Поразительно терпелив наш народ. Здесь в Тверской области, на Овинищенской возвышенности чего только не выращивали. Как и полагается по правилам севооборота, одни и те же поля засеивались в разные годы злаками, кормовыми, зеленными, техническими, овощными культурами, превращались в озера голубого льна. То есть можно сказать, выращивали все, что нужно для жизни, однако, при этом те самые буханки, которые ребятишки приспосабливали для состава поездов, в магазине еще в начале 50-х годов купить было непросто. Жители поселка, чтобы купить хлеб, занимали очередь в пять часов утра. В семь открывали магазин, еще около часа толкотни и ты с хлебом, который сегодня привезли. Дальше сам думай, взять, сколько дадут впрок, или обходись как знаешь. Тем не менее, люди понимали эти временные трудности и продолжали восстанавливать народное хозяйство. Они платили налоги за плодовые деревья и ягодные кустарники в огородах, отдавали долг государству за возможность выпаса скотины на пастбище летом, приобретали облигации государственного займа. В общем, жили как все в огромной стране с надеждой на счастливое будущее, пусть не свое, а детей и внуков.
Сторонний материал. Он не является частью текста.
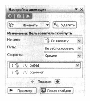 12. Задайте траекторию перемещения осьминога. 13. Для начала просмотра анимации воспользуйтесь функциональной клавишей F5 или соответствующими кнопками в области задач Настройка анимации. 14. Дождитесь завершения показа слайда и щелчком мышью вернитесь в рабочую область. 15. Изучите информацию в области задач Настройка анимации. Внесите изменения в параметры анимации. Понаблюдайте за изменениями в ходе просмотра.
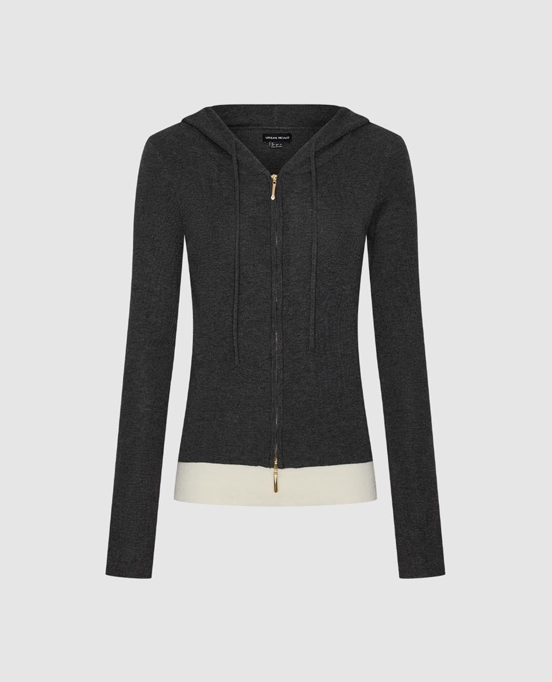 Áo khoác dệt kim nữ phối mũ phom ôm
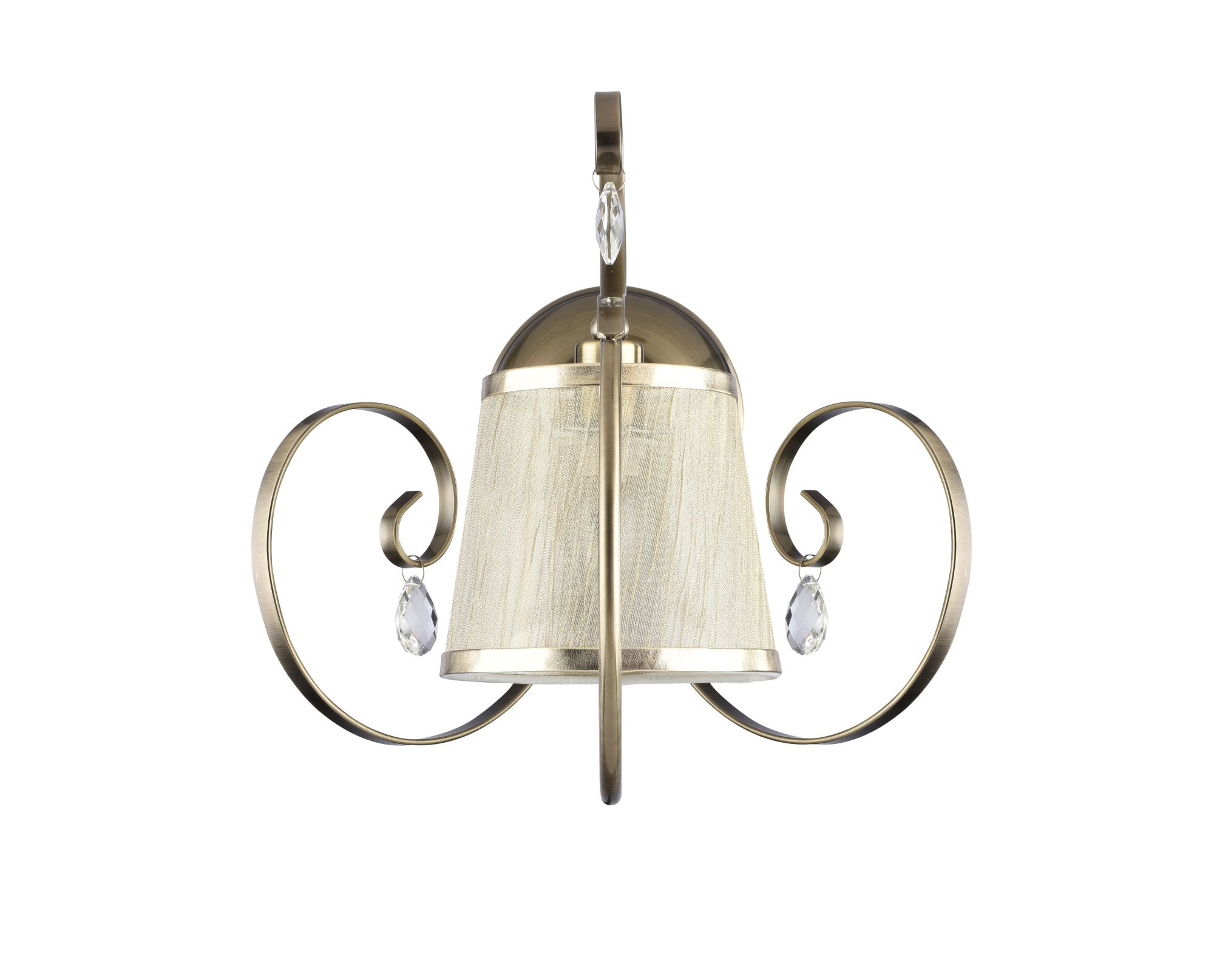 Абажуры и арматура светильников выполнены в разных цветах, с несколькими видами арматуры. Основание люстры украшено стеклянным декоративным элементом, а завитки рожков украшают подвески.
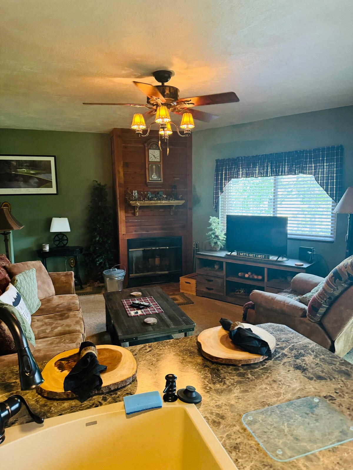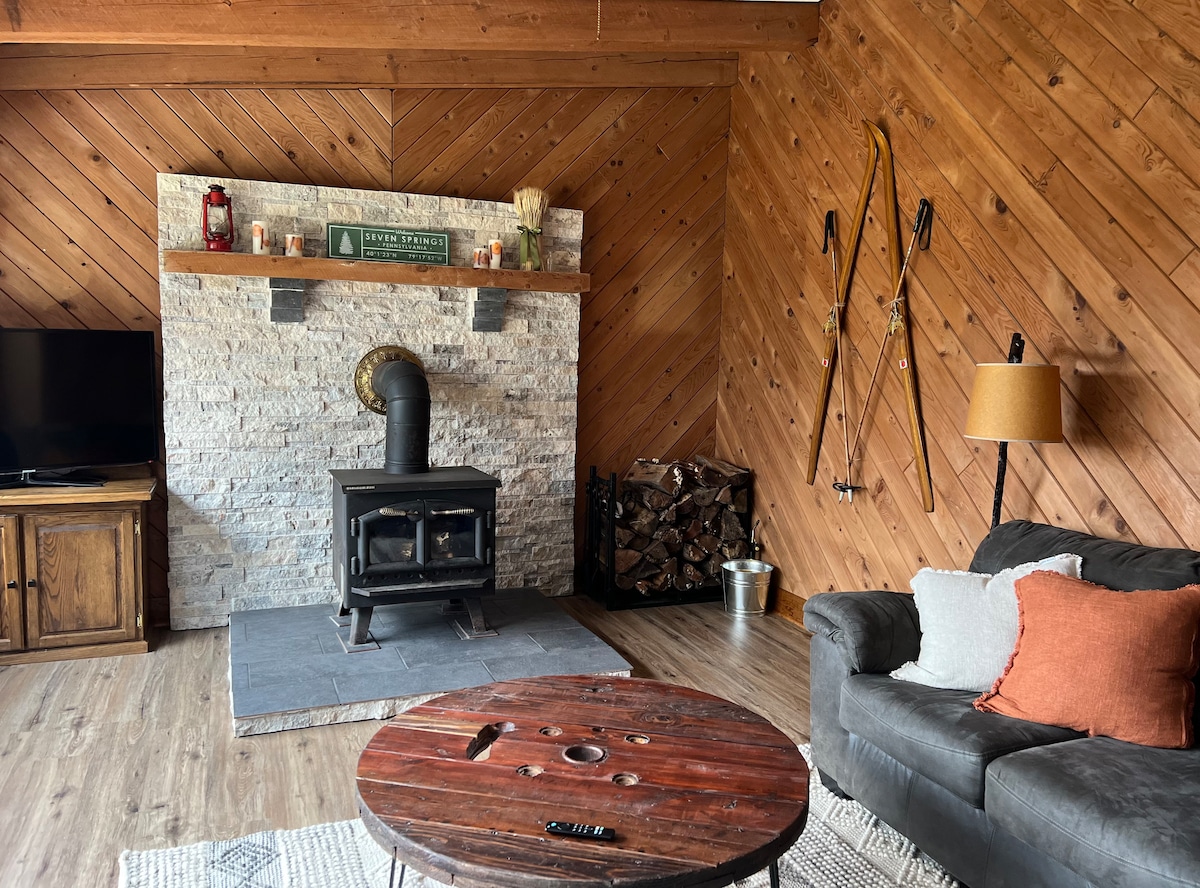 ¡No busques más la escapada RELAJANTE perfecta para cualquier ocasión! Nuestra casa tiene capacidad para 6 adultos cómodamente con 2 dormitorios, una sala de juegos completamente *renovada* con sofá cama tamaño queen y 2 baños completos. ¡Despiértate y disfruta de una taza de café caliente acurrucado junto a la chimenea o en nuestra terraza extendida, y disfruta de las espectaculares vistas al bosque! Nuestra casa es perfecta para todas las estaciones e incluye una piscina comunitaria, cancha de tenis y servicio de transporte de cortesía que te lleva a cualquier lugar del centro vacaciones Seven Springs.
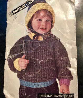 The Home Team Player sweater pattern came from the now-defunct Conshohocken Cotton Company and has been my favorite baby sweater pattern since the 1980s. The pattern is nowhere to be found for purchase on the Internet or in stores, so I’ve included it in this post. My pattern looks like an old family recipe. It is as well-loved as Mom’s Apple Pie!
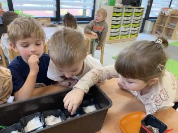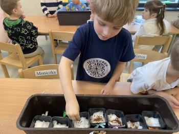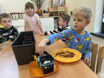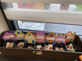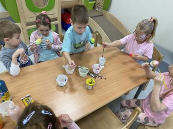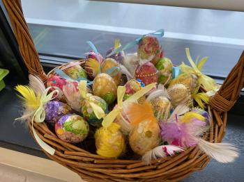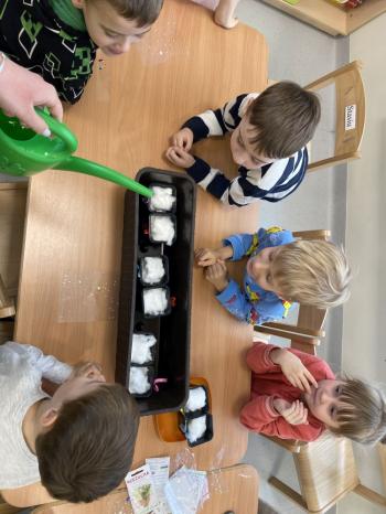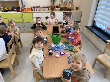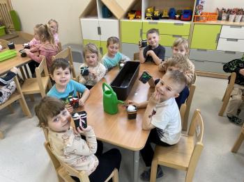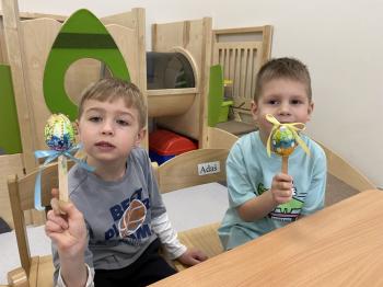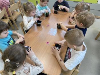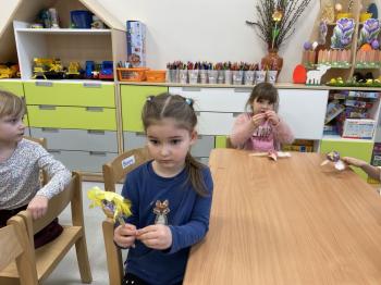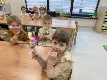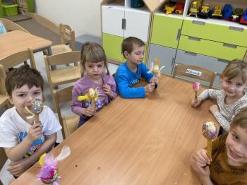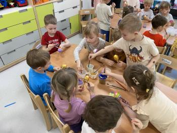 Grupa Jeżyki zasiała w sali rzeżuchę. Każde dziecko przygotowało swój własny „domek” oraz ozdobiło pojemnik według własnego pomysłu. Dzie wykonały również ozdobne pisanki ze styropianu, dekorując je wcześniej przygotowanymi materiałami.
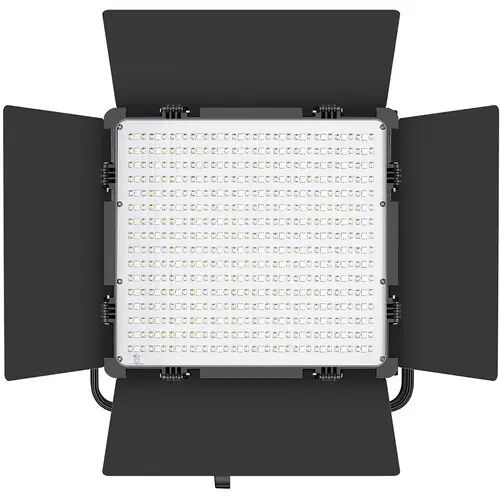 The 13.4 x 12.7" LED panel has a wide color range from a warm 3200K to daylight 5600K to meet any ambient light challenge, match other fixtures, or just for creative expression. The light has high CRI/TLCI ratings of 95/95 to ensure color accuracy. The RGB mode (Red, Green, Blue) with 0 to 100% saturation control offers access to literally millions of color combinations for fine-tuning and customizing the output. You can make adjustments on the fixture but you can also make them wirelessly via WiFi using the free app for iOS or Android. The panel has a wide 120° beam spread that can be narrowed using the four-way barn doors. Simply swing one or more of the barndoor leaves into the path of the beam to keep light from areas you don't want to be illuminated. The panel is dimmable from 0 to 100%. Featuring aluminum construction, the fixture has a yoke that allows 360° rotation for unlimited positioning options.
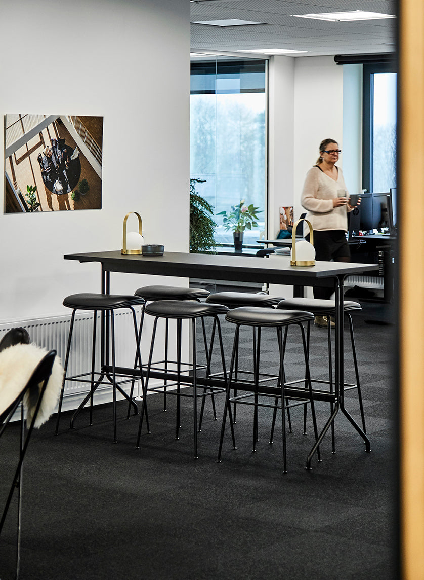 At indbygge et hæve-sænkebord i dit kontor kan skabe et praktisk sted til hurtige måltider, kaffepauser og afslappede diskussioner.
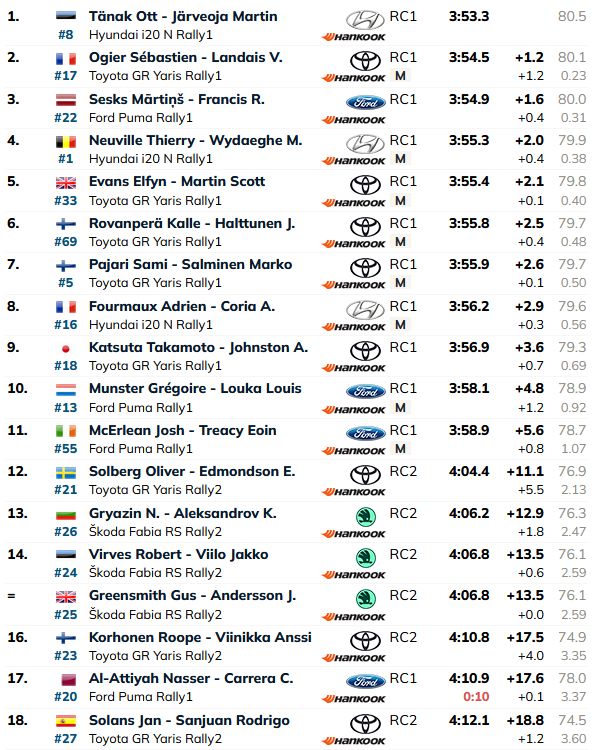 Turpinājumā vairums braucēju zaudēja Seskam, un tikai priekšpēdējā braucienā Ots Tanaks apsteidza Sesku. Noslēdzošajā brauciena pārī, kur sacentās divi WRC titula pretendenti Sebastjans Ožjē un Elfins Evans, ātrākais bija Ožjē, kurš par 0,9 sekundēm apsteidza Evansu.
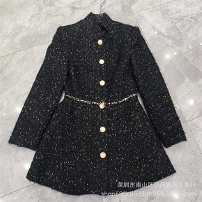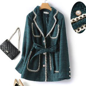 毛呢外套女2022秋冬新款时尚小香风粗花呢翻领收腰...
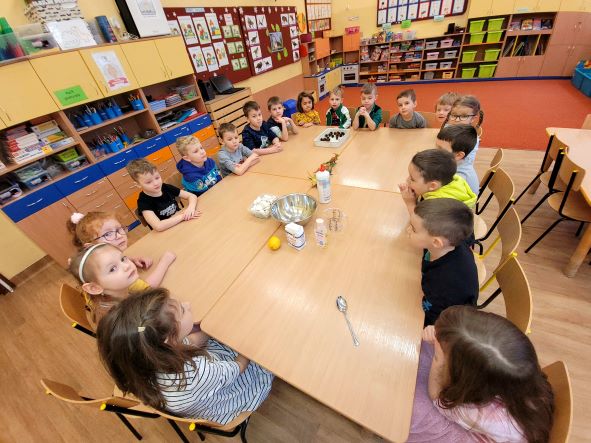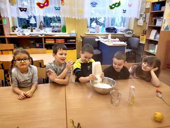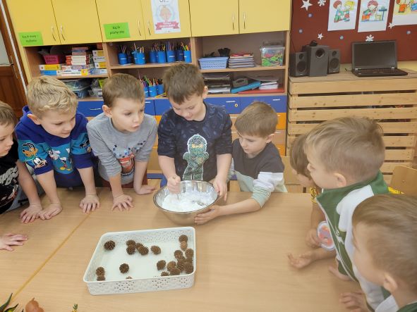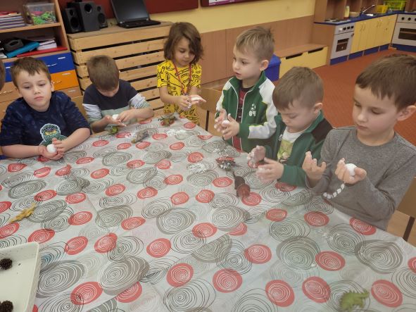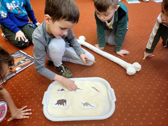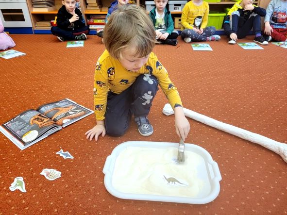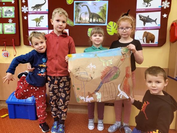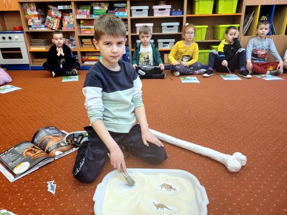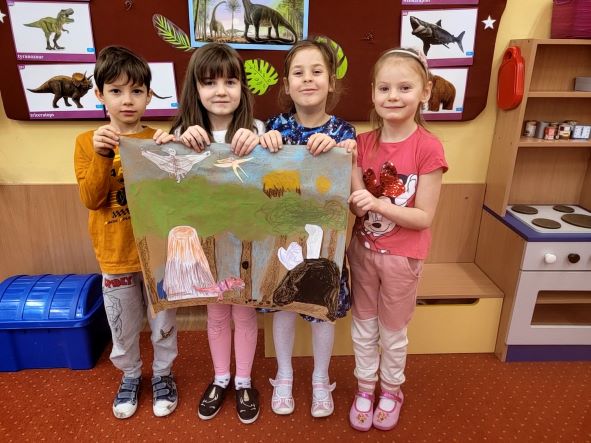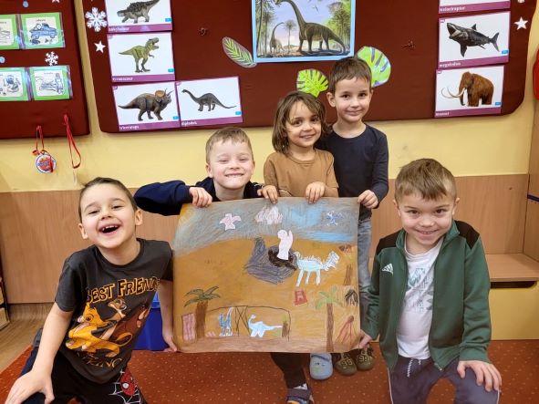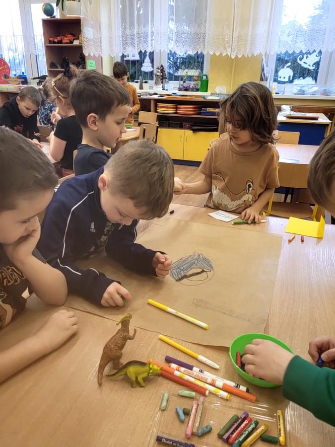 Podczas ostatnio minionych zajęć dzieci poszerzały swoją wiedzę o dinozaurach, ich wyglądzie i sposobie zachowania. Pracowały grupowo tworząc plakat obrazujący życie prehistoryczne. Przedszkolaki stworzyły także wspólnie masę porcelanowa, z której powstały skamieliny.
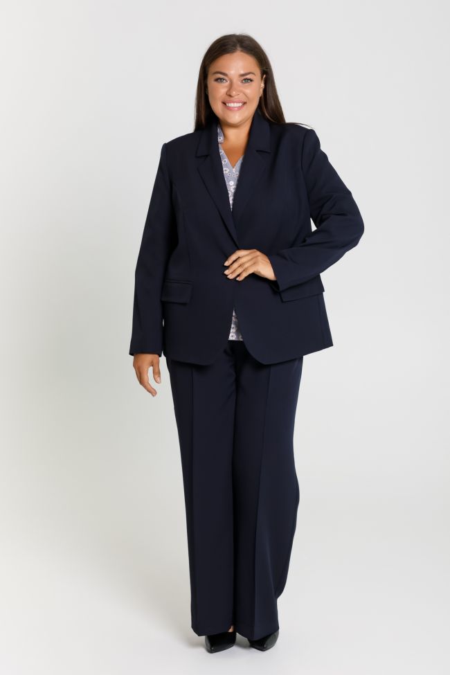синий Стильный жакет полуприлегающего силуэта из костюмной ткани "Барби босс", с подкладом, длиной за линию бедер.  V-образная горловина с отложным воротником. Модель с центральной застежкой на петли-пуговицы. Втачные длинные рукава. Прилегание по фигуре за счет вертикальных рельефов переда и спинки. По переду удобные прорезные карманы в рамку. Низ ровный. Жакет станет отличным дополнением как делового, так и повседневного гардероба.  Жакету гармоничный комплект составят брюки 1401 и 1352
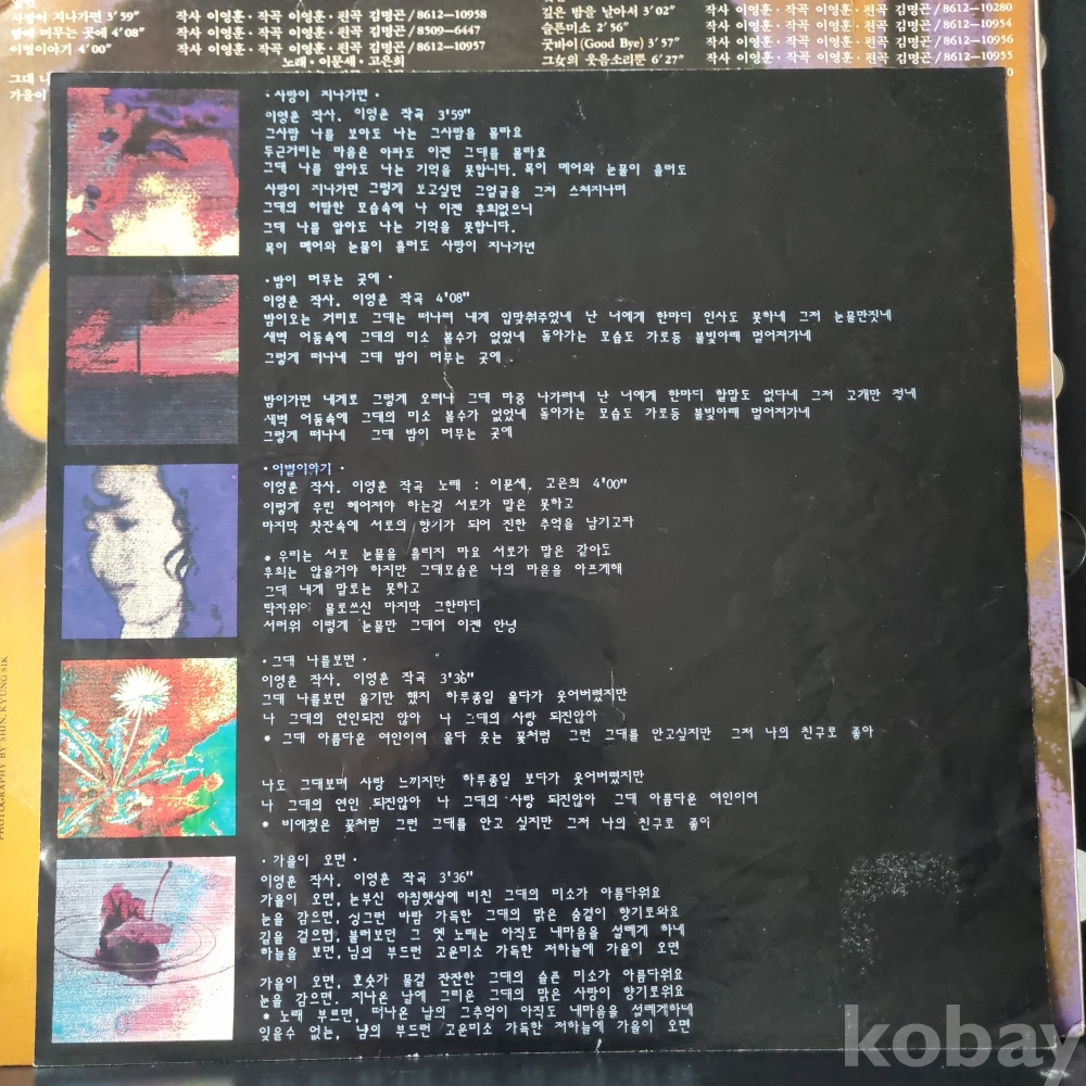 | 자켓상태 | EX : 약간의 마모, 모서리 찢김 존재 | 음반상태 | EX : 재생에 영향 없는 가벼운 기스 존재 | 발매정보 | 초반 | 가사지여부 | 유 |

С течением жизни время меняет свою скорость. Вот и Журавлевы не успели оглянуться, как их младшая дочь, Людмила, закончила сначала семилетнюю школу в Попадино, затем одиннадцатый класс Сонковской железнодорожной школы №9 и, определившись с профессиональным выбором, в 1963 году отправилась в Ленинград. К этому времени Иван Петрович уже более четырех десятков лет отдал служению на железной дороге. Так продолжалось до середины лета 1965 года. Тогда дед мой почувствовал усталость от работы, как со временем проявляет усталость металл в инженерных конструкциях и без видимых дефектов механизм перестает срабатывать, как это положено, дает сбой. Привыкший выполнять свою работу на высоком уровне, он принимает решение в возрасте 60 лет закончить свой профессиональный путь, передав свои заботы новому старшему дорожному мастеру дистанции пути Бомбину Алексею Даниловичу. С той поры, не смотря на то, что отошел от дел, его сослуживцы не забывали опытного железнодорожника, который никогда не отказывал никому ни советом, ни в помощи, пока был в силах.

(Иван Петрович 1962 г.)

Отойти от профессиональных дел означало для Ивана Петровича найти себе новое применение. Он стал помогать всем в строительных делах, кому крышу покрыть дранкой, кому отремонтировать или срубить дом, соорудить хозяйственные постройки. В своем хозяйстве занялся созданием семенного запаса лучших сортов овощных культур, прививал плодовые деревья, чему его научили еще в Приданихе, задумывался о создании небольшой пасеки, несмотря на близкое расположение железной дороги.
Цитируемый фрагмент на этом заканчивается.